EXERCISE: Scan the material that follows. Copy every line containing the word "convenient".

INPUT:
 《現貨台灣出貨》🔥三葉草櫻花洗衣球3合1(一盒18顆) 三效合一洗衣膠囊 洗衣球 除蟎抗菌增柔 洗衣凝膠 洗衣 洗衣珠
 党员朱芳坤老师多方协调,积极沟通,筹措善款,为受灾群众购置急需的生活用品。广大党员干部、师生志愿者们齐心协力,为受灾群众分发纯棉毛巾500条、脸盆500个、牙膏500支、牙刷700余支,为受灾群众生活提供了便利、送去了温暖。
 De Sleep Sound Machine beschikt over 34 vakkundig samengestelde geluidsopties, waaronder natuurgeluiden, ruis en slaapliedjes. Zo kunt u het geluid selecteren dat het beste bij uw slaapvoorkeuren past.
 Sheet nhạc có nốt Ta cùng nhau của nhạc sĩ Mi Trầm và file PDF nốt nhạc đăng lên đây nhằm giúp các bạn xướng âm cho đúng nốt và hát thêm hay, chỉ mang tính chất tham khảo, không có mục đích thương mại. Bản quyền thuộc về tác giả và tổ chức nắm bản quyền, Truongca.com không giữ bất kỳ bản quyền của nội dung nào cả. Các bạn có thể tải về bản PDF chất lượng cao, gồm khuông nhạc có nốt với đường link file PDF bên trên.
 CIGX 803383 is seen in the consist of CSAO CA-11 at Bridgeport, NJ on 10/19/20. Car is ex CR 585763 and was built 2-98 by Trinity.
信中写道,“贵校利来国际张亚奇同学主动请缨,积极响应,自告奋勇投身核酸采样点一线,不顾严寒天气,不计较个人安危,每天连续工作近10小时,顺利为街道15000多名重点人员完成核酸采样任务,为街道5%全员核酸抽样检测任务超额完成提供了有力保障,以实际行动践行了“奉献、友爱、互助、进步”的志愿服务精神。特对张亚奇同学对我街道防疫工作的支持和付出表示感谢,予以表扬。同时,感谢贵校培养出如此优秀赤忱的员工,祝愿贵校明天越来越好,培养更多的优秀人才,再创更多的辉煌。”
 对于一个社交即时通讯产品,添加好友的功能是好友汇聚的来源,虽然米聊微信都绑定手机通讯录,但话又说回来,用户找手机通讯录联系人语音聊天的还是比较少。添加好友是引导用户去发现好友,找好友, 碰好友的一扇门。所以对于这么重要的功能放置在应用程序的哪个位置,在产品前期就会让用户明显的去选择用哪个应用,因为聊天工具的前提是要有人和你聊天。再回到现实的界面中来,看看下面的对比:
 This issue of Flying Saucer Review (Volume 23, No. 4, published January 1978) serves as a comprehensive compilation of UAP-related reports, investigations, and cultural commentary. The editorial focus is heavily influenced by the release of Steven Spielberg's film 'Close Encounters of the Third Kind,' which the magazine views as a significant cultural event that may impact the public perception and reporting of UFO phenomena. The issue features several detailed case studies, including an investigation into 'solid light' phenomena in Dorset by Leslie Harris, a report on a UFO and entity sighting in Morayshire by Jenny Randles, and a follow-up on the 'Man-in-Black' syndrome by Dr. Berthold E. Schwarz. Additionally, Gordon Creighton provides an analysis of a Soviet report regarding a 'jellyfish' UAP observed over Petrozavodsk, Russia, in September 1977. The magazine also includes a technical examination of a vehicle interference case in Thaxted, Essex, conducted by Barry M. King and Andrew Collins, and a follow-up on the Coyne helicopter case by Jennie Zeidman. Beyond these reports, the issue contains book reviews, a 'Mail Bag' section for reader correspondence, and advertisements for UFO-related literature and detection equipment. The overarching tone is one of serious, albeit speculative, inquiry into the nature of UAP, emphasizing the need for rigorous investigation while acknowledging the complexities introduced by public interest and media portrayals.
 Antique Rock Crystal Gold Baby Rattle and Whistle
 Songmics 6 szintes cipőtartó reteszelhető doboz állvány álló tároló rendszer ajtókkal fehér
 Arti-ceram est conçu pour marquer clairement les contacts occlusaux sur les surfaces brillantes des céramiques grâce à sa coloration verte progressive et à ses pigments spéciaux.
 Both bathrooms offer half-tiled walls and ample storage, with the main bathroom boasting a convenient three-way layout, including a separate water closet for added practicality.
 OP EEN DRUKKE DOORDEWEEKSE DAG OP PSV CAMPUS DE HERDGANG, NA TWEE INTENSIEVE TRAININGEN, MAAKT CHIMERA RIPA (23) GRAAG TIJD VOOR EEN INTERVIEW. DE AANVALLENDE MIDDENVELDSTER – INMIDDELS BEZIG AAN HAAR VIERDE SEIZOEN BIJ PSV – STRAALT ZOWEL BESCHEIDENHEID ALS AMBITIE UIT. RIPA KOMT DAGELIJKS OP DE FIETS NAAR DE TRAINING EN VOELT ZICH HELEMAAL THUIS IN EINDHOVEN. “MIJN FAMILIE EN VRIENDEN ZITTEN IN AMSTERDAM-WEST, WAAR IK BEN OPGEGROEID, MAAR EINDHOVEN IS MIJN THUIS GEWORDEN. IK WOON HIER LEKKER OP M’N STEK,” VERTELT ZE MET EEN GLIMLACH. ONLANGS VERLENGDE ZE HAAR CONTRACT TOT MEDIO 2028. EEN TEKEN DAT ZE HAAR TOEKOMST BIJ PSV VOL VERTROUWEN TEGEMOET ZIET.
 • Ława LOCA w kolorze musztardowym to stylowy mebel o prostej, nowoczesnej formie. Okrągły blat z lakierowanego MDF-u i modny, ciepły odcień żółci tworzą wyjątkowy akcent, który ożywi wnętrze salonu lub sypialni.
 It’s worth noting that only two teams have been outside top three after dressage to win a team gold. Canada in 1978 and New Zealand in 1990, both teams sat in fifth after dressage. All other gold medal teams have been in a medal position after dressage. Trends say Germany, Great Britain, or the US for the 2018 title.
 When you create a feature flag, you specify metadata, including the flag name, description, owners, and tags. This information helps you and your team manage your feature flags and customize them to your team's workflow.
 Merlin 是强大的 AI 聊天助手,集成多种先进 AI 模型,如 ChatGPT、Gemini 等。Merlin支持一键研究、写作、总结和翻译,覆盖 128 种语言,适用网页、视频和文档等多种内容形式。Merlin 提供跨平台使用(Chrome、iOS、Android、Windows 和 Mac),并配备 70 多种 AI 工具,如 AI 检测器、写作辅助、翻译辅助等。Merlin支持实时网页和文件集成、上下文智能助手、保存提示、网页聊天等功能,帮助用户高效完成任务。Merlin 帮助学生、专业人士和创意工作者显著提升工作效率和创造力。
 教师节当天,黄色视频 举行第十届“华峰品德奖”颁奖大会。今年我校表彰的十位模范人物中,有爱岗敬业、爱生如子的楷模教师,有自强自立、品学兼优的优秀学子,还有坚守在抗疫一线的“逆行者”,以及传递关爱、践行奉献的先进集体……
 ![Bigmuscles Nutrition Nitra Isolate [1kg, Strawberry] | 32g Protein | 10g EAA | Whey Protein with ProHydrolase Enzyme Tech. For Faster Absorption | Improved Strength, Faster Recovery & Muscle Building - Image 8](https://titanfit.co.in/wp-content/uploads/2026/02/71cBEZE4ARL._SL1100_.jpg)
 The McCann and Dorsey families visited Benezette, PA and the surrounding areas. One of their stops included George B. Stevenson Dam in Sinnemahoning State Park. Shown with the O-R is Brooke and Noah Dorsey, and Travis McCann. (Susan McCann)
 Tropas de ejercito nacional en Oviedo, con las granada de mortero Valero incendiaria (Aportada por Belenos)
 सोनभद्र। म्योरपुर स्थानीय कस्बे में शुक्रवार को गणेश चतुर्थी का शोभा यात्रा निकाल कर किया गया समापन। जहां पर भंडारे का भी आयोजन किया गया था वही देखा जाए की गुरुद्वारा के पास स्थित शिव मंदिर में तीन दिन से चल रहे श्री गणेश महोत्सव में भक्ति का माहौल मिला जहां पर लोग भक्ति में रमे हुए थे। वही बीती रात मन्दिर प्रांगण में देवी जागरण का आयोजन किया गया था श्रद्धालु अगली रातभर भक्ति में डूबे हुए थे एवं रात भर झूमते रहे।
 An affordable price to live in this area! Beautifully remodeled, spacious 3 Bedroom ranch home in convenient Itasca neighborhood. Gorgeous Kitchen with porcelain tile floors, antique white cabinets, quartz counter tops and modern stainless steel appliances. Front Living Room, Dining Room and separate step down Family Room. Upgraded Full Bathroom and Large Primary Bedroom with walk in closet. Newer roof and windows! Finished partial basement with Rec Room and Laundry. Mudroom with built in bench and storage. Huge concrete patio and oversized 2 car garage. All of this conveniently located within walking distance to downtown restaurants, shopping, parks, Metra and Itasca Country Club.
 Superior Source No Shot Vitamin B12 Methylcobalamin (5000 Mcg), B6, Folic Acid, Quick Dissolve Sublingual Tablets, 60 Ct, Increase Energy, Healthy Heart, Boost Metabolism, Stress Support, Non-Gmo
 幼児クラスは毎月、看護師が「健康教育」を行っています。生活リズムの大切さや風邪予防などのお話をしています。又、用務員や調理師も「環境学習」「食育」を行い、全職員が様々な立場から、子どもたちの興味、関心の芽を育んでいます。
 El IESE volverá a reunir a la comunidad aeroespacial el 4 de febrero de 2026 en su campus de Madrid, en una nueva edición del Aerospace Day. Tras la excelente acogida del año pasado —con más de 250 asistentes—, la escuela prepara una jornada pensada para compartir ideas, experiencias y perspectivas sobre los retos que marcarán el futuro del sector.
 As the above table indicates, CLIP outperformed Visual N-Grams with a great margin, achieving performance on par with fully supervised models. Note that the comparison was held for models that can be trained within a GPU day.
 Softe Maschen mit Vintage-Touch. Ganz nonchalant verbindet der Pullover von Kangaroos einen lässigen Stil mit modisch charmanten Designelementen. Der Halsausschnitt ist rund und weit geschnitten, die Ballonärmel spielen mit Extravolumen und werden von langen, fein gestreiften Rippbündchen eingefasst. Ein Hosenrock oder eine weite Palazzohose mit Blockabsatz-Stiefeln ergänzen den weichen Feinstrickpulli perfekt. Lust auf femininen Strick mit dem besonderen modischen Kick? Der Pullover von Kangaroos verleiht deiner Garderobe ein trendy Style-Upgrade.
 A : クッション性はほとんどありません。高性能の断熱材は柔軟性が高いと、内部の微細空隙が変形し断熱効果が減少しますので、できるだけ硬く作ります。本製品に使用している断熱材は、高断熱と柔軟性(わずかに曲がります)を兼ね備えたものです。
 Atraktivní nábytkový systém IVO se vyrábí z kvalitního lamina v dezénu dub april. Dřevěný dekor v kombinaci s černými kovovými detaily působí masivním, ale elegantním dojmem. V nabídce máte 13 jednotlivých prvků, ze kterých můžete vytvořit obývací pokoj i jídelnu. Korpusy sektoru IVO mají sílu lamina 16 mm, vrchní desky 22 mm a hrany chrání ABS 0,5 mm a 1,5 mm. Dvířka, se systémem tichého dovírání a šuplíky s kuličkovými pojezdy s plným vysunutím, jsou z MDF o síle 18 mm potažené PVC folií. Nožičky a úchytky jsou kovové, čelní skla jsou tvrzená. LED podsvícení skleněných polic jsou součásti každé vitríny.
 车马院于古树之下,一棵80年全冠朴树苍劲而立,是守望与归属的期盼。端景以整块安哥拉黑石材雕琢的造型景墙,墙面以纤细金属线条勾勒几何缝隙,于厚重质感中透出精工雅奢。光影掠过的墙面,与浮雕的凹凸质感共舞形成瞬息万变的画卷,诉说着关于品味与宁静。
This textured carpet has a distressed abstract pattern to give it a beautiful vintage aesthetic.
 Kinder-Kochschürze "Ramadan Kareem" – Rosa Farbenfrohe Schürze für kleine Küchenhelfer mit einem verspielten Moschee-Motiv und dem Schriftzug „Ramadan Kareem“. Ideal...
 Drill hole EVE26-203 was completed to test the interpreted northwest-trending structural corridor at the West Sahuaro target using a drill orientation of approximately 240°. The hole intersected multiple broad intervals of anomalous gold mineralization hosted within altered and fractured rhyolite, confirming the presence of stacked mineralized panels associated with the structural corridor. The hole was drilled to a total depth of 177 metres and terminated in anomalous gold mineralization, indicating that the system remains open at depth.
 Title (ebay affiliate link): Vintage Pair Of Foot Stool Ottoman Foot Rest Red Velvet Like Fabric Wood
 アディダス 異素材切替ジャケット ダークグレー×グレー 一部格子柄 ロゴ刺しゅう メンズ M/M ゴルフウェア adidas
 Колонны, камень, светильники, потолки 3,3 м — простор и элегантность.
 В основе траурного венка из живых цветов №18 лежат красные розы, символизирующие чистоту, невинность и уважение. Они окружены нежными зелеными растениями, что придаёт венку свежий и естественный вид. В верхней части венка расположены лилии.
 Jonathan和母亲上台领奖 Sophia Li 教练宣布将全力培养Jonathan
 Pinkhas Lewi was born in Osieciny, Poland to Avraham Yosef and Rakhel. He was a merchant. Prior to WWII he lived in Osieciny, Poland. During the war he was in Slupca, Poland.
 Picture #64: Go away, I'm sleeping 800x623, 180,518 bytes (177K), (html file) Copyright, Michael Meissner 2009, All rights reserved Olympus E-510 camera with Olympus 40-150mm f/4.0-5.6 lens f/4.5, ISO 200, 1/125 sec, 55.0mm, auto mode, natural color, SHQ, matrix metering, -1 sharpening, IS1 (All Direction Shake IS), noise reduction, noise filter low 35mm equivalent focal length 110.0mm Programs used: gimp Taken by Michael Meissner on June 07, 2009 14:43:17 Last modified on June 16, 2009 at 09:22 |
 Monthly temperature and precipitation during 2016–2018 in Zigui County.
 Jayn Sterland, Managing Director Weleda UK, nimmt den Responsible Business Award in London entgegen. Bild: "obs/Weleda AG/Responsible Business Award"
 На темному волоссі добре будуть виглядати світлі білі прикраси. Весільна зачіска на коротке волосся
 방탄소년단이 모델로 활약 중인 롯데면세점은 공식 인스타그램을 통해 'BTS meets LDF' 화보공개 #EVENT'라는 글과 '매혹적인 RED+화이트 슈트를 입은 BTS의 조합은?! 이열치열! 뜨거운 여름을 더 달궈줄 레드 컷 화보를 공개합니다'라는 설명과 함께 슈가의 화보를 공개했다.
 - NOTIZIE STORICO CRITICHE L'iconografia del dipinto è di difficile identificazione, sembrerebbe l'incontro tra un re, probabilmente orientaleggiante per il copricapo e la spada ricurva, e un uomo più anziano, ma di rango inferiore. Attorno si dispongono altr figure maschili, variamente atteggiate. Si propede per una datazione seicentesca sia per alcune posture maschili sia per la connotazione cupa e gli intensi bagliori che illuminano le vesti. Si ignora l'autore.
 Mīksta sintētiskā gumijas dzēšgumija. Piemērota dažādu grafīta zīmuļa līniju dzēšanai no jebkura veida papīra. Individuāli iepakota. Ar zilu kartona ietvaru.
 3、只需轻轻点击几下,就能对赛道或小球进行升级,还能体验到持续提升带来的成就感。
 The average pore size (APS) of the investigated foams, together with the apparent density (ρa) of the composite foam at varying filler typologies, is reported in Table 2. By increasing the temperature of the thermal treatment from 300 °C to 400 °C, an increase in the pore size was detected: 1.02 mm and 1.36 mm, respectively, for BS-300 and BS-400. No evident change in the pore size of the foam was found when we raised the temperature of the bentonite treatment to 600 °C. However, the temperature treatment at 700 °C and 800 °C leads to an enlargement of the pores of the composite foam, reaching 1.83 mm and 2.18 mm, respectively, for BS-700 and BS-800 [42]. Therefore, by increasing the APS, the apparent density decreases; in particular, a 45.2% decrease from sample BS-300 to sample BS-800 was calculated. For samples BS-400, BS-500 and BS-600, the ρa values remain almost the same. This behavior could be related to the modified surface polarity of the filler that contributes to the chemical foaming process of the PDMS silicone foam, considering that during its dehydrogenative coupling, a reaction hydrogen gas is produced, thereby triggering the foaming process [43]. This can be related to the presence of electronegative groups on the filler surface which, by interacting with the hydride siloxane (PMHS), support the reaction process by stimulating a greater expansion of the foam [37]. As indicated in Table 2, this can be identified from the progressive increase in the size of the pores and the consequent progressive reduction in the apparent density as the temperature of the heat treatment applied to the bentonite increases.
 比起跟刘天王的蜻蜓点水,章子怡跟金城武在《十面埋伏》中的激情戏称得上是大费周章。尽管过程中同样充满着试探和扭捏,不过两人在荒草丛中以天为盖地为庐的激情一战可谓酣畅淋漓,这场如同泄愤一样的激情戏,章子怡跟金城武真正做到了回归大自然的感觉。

RESULT FOR THIS EXERCISE:
 Both bathrooms offer half-tiled walls and ample storage, with the main bathroom boasting a convenient three-way layout, including a separate water closet for added practicality.
 An affordable price to live in this area! Beautifully remodeled, spacious 3 Bedroom ranch home in convenient Itasca neighborhood. Gorgeous Kitchen with porcelain tile floors, antique white cabinets, quartz counter tops and modern stainless steel appliances. Front Living Room, Dining Room and separate step down Family Room. Upgraded Full Bathroom and Large Primary Bedroom with walk in closet. Newer roof and windows! Finished partial basement with Rec Room and Laundry. Mudroom with built in bench and storage. Huge concrete patio and oversized 2 car garage. All of this conveniently located within walking distance to downtown restaurants, shopping, parks, Metra and Itasca Country Club.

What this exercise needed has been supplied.